One important area of research focuses on removing stem cells from a patient, infecting the cells with a normal copy of the defective gene, and returning the stem cells to the patient.
"Most primary immune diseases begin in childhood, which means Children's sees a lot of these kids," said Dr. Rawlings. "As a result, we have developed an expertise no one else in the region has and we have become the referral center for children and adults with immune problems.
"We have genetic testing capabilities no one else has. We serve as an international center for prenatal and neonatal testing, and for testing of adults to identify carriers of immune deficiency disorders."

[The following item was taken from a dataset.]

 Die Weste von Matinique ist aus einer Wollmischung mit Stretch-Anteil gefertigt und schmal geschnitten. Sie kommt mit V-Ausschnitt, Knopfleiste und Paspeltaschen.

Dr. Ochs is also the primary investigator for a $12 million grant administered by the U.S. Immune Deficiency Network (USIDnet), an international consortium of 50 researchers and specialists in the field.
The consortium studies PIDD, educates young investigators about the disease and administers, reviews and provides grants. It also funds registries to track the long-term health of patients and provides an anonymous repository that makes DNA or cell lines generated from selected patients available in order to study molecular defects of these diseases.
The Immune Deficiency Foundation (IDF) and the Jeffrey Modell Foundation, two organizations founded by parents of children affected by PIDD, both support research in Dr. Ochs' laboratory in Children's Division of Immunology.
Additionally, the Jeffrey Modell Foundation recently made available matching funds for an endowment for a fellowship in primary immunodeficiency disease.